**Assignment:** The entries below should be written out again exactly as they stand.

···

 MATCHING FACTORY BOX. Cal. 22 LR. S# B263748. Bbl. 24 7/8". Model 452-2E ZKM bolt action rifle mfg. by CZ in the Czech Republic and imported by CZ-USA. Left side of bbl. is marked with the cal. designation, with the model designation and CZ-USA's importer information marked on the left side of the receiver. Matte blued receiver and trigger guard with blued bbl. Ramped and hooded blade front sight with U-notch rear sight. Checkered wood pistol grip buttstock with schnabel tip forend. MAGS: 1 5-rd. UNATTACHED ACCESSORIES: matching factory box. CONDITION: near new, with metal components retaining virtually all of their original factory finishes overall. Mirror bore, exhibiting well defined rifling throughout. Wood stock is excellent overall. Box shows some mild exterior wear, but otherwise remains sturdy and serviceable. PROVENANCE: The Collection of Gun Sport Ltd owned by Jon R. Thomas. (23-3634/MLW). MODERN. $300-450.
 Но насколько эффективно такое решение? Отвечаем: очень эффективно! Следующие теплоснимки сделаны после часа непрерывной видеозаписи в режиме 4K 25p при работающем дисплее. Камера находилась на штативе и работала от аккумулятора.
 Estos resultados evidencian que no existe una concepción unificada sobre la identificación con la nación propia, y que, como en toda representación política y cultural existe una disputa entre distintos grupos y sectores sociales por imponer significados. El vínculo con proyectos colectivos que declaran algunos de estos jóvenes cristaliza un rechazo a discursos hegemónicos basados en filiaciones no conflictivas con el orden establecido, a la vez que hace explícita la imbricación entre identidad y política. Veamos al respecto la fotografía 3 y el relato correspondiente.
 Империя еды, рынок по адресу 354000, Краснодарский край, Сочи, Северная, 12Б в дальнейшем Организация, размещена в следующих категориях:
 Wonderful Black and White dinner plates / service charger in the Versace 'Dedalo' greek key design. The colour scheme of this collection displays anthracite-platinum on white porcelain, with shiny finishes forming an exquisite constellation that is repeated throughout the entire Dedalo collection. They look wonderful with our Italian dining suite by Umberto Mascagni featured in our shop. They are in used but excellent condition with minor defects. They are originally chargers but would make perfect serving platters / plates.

···

**Final answer:**
 MATCHING FACTORY BOX. Cal. 22 LR. S# B263748. Bbl. 24 7/8". Model 452-2E ZKM bolt action rifle mfg. by CZ in the Czech Republic and imported by CZ-USA. Left side of bbl. is marked with the cal. designation, with the model designation and CZ-USA's importer information marked on the left side of the receiver. Matte blued receiver and trigger guard with blued bbl. Ramped and hooded blade front sight with U-notch rear sight. Checkered wood pistol grip buttstock with schnabel tip forend. MAGS: 1 5-rd. UNATTACHED ACCESSORIES: matching factory box. CONDITION: near new, with metal components retaining virtually all of their original factory finishes overall. Mirror bore, exhibiting well defined rifling throughout. Wood stock is excellent overall. Box shows some mild exterior wear, but otherwise remains sturdy and serviceable. PROVENANCE: The Collection of Gun Sport Ltd owned by Jon R. Thomas. (23-3634/MLW). MODERN. $300-450.
 Но насколько эффективно такое решение? Отвечаем: очень эффективно! Следующие теплоснимки сделаны после часа непрерывной видеозаписи в режиме 4K 25p при работающем дисплее. Камера находилась на штативе и работала от аккумулятора.
 Estos resultados evidencian que no existe una concepción unificada sobre la identificación con la nación propia, y que, como en toda representación política y cultural existe una disputa entre distintos grupos y sectores sociales por imponer significados. El vínculo con proyectos colectivos que declaran algunos de estos jóvenes cristaliza un rechazo a discursos hegemónicos basados en filiaciones no conflictivas con el orden establecido, a la vez que hace explícita la imbricación entre identidad y política. Veamos al respecto la fotografía 3 y el relato correspondiente.
 Империя еды, рынок по адресу 354000, Краснодарский край, Сочи, Северная, 12Б в дальнейшем Организация, размещена в следующих категориях:
 Wonderful Black and White dinner plates / service charger in the Versace 'Dedalo' greek key design. The colour scheme of this collection displays anthracite-platinum on white porcelain, with shiny finishes forming an exquisite constellation that is repeated throughout the entire Dedalo collection. They look wonderful with our Italian dining suite by Umberto Mascagni featured in our shop. They are in used but excellent condition with minor defects. They are originally chargers but would make perfect serving platters / plates.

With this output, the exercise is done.